An exact copy of all the data is needed, with every picture left out.

§ **SUPPLIED MATERIAL**
══════

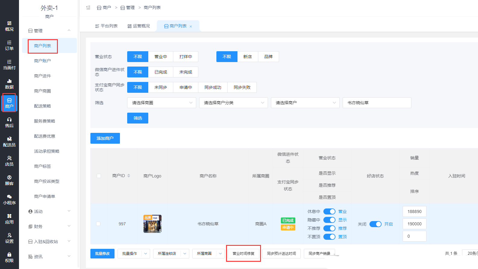 >[danger] 注意:商户的营业时间是有两个地方控制:商户-商户列表-营业状态;商户后台设置营业时间,营业时间有两分钟的缓存。
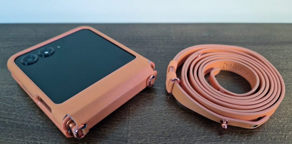 يأتي هاتف RAZR مع غطاء متوافق (تشترط سامسونج شراؤه بشكل منفصل). في بعض الأسواق، قد يأتي الهاتف الذكي مزودًا ليس فقط بكابل شحن USB-C، بل أيضًا بشاحن وحبل تثبيت، يمكن تثبيتهما بالغطاء باستخدام مشابك معدنية. لم يأتي هاتفي مع شاحن، ولكنه جاء مع حبل تثبيت مطابق للون الغطاء. جميعنا ندرك أن التسويق مدفوع بالحاجة إلى زيادة مبيعات الملحقات (حيث تكون هوامش الربح مربحة للغاية لكل من الشركة المصنعة وتجار التجزئة). ولكن بالتأكيد يمكنهم على الأقل إضافة غطاء لجهاز سعره 1000 دولار أو أكثر، إذا كان مصنع هاتف ذكي بسعر 700 دولار يوفره.
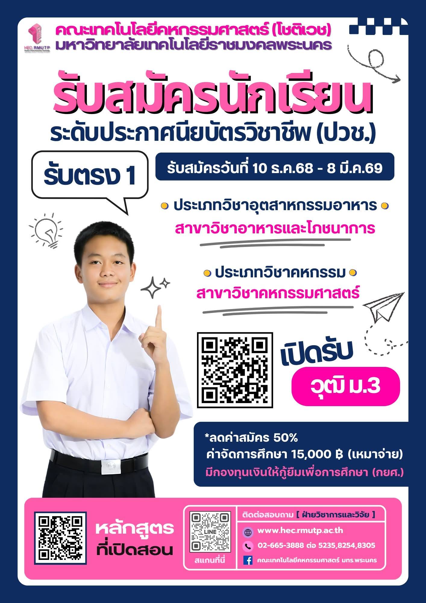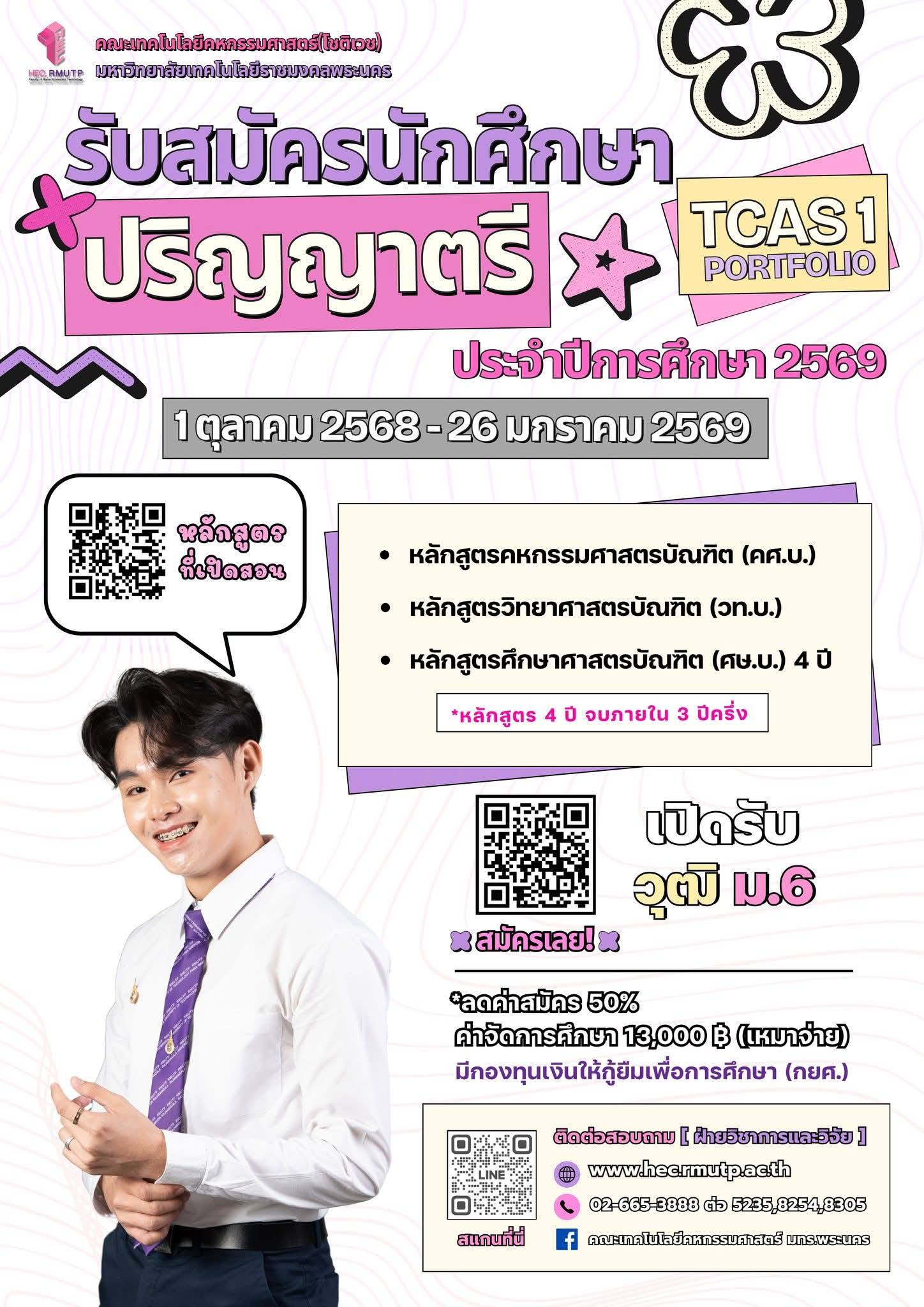 ดูข้อมูลเพิ่มเติมได้ที่: https://admission.rmutp.ac.th/upload/TCAS1-69.pdf
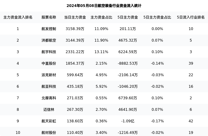 从主力资金流向来看,航空装备行业今日主力资金流入42.68亿元,在所有申万二级行业中排名:78/131。

══════

§ **SOLUTION TO THE EXERCISE**
 >[danger] 注意:商户的营业时间是有两个地方控制:商户-商户列表-营业状态;商户后台设置营业时间,营业时间有两分钟的缓存。
 يأتي هاتف RAZR مع غطاء متوافق (تشترط سامسونج شراؤه بشكل منفصل). في بعض الأسواق، قد يأتي الهاتف الذكي مزودًا ليس فقط بكابل شحن USB-C، بل أيضًا بشاحن وحبل تثبيت، يمكن تثبيتهما بالغطاء باستخدام مشابك معدنية. لم يأتي هاتفي مع شاحن، ولكنه جاء مع حبل تثبيت مطابق للون الغطاء. جميعنا ندرك أن التسويق مدفوع بالحاجة إلى زيادة مبيعات الملحقات (حيث تكون هوامش الربح مربحة للغاية لكل من الشركة المصنعة وتجار التجزئة). ولكن بالتأكيد يمكنهم على الأقل إضافة غطاء لجهاز سعره 1000 دولار أو أكثر، إذا كان مصنع هاتف ذكي بسعر 700 دولار يوفره.
 ดูข้อมูลเพิ่มเติมได้ที่: https://admission.rmutp.ac.th/upload/TCAS1-69.pdf
 从主力资金流向来看,航空装备行业今日主力资金流入42.68亿元,在所有申万二级行业中排名:78/131。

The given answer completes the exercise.